North Korea lashes out as South and US begin exercises

This year, Seoul is believed to have urged the US to scale down the size of the drills, to avoid ruffling feathers in Pyongyang.

Staff Writers
2 minute read
Share
South Korean army soldiers work on K2 tanks in preparation for an exercise at a training field in Paju, South Korea, near the border with North Korea, Aug 2. Photo: AP
South Korean army soldiers work on K2 tanks in preparation for an exercise at a training field in Paju, South Korea, near the border with North Korea, Aug 2. Photo: AP

South Korea and the US have gone ahead with their four-day military training exercise despite warnings from North Korea.

The two allies’ summer exercises are scheduled for Aug 16 to 26 and this week’s drills are focusing on contingency planning, Yonhap News Agency reports.
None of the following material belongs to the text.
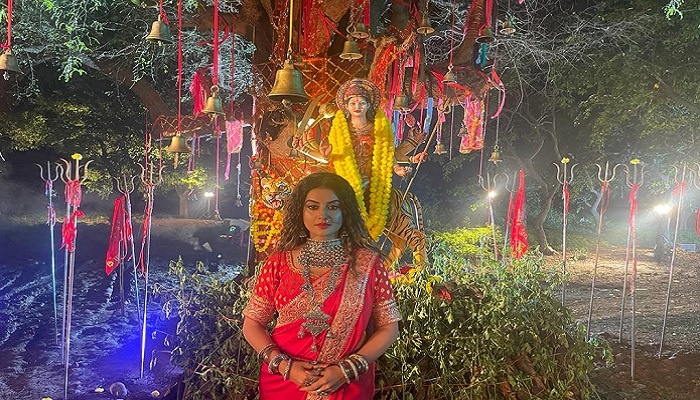 आदिशक्ति मां दुर्गा की पांचवी स्वरूपा स्कंदमाता के पूजन के अवसर पर भोजपुरी की लोकप्रिय सिंगर – एक्टर अक्षरा सिंह का देवी गीत ‘चौसठ जोगीनिया माई’ का धांसू टीजर आउट कर दिया गया है। इसमें अक्षरा सिंह देवी दुर्गा की भक्ति में लीन नज़र आईं है, जहां वे कभी माता के अस्त्र के साथ भी नृत्य मुद्रा में दिखीं, माथे पर सिंदूर लगाते रौद्र रूप में नजर आई हैं। अक्षरा के इस गाने का टीजर उनके ऑफिशियल चैनल से ही रिलीज हुआ है। अब जल्द ही यह गाना भी रिलीज किया जाएगा।

South Korea and the US usually conduct joint military exercises each year in spring and summer.

This year, Seoul is believed to have urged the US to scale down the size of the drills, to avoid ruffling feathers in North Korea.
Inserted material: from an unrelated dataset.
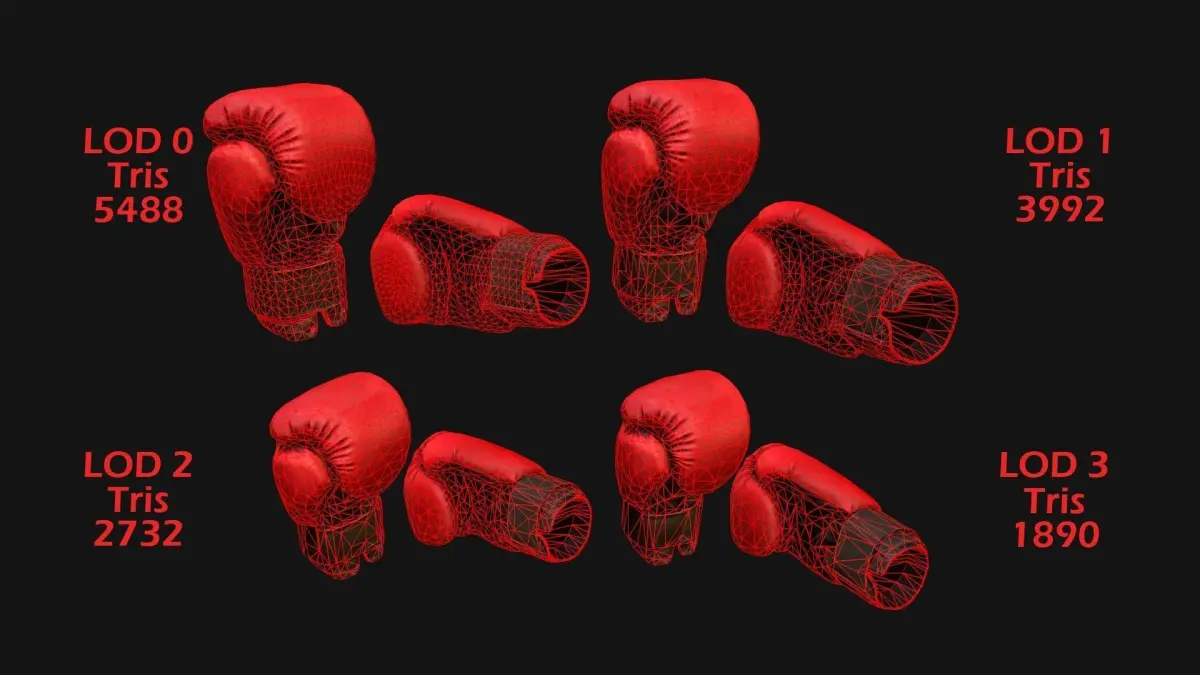 - Edges: 8232(LOD0),5988(LOD1),4098(LOD2),2835(LOD3).

Pyongyang is warning that the exercises will negatively affect inter-Korean relations and that it will strengthen its defences against the military threat from the US.
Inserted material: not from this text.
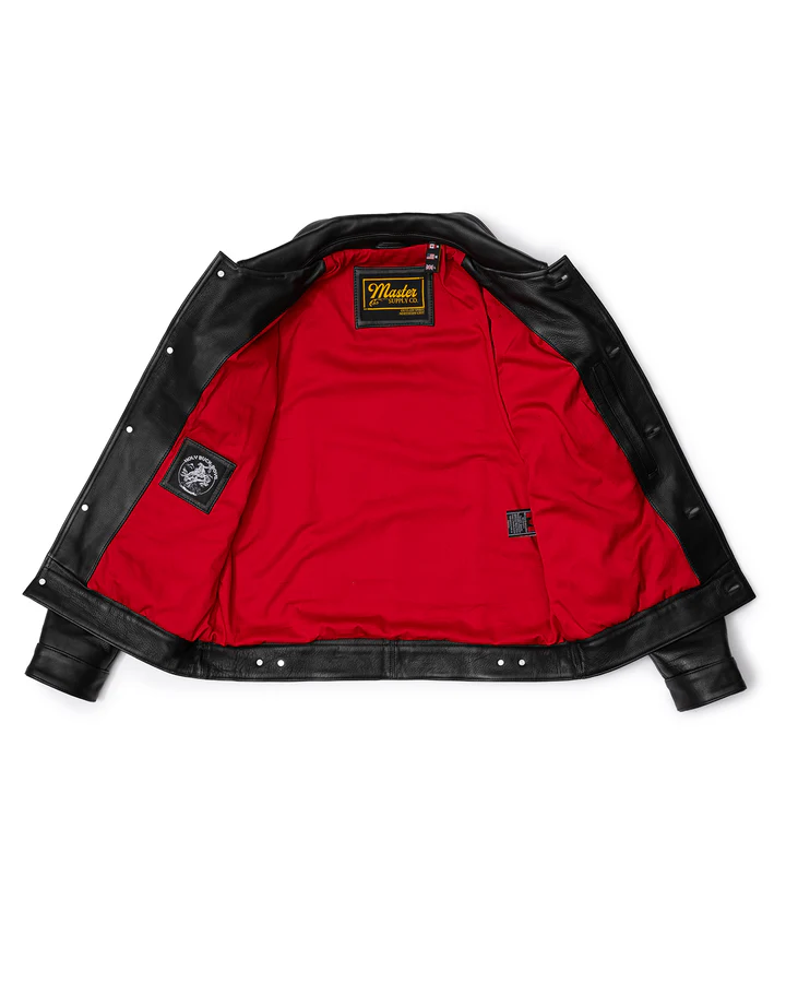 The FYE BLACK TRUCKER LEATHER JACKET represents American authenticity in its purest form, expertly constructed from genuine leather with natural grain texture in commanding deep black that suggests both heritage and contemporary relevance, proudly bearing the Mauvetree.com mark of distinction to enhance its western craftsmanship appeal. The signature red cotton twill interior creates striking contrast while adding personality with authentic patchwork details and superior comfort. The design features brass button-up front closure for classic western functionality, pointed shirt-style collar for timeless appeal, and strategic four-pocket system that completes the authentic trucker aesthetic for men who understand that true style requires both heritage respect and genuine craftsmanship appreciation.

The US, South Korea and Japan are on the alert for any provocative action from the North, such as testing ballistic missiles while the exercises are going on.

“I would like to express my deep regret at the perfidious behaviour of the South Korean authorities,” North Korean leader Kim Jong Un’s sister Kim Yo Jong said in a statement, carried by the official Korean Central News Agency.

“Whatever the scale and mode, the joint military exercises are of an aggressive nature as they are a war rehearsal and preliminary nuclear war exercise.”

In June 2020, Pyongyang blew up an inter-Korean liaison office in the border city of Kaesong after shutting down all lines of communication with Seoul, in retaliation for defectors releasing balloons containing leaflets critical of the North.

On July 27, Jong Un and South Korean President Moon Jae In agreed to reconnect communications between the two countries to mark the 68th anniversary of the signing of the ceasefire that suspended the open warfare of the 1950-1953 Korean War. As there was no peace treaty, the North and South are still technically at war.

Since the reconnection, Seoul and Pyongyang have been holding phone conversations every mid-morning and late afternoon, as they did before the lines were disconnected.

But South Korea’s unification ministry and defence ministry said on Tuesday that these regular calls were now not being answered by the North.

It is not clear whether the military drills are the reason for this, although Yo Jong’s statement continued: “As long as the US forces stay in South Korea, the root cause for the periodic aggravation of the situation on the Korean peninsula will never vanish.”

Negotiations between the US and North Korea on denuclearisation of the Korean Peninsula and lifting of sanctions have been stalled for around two years.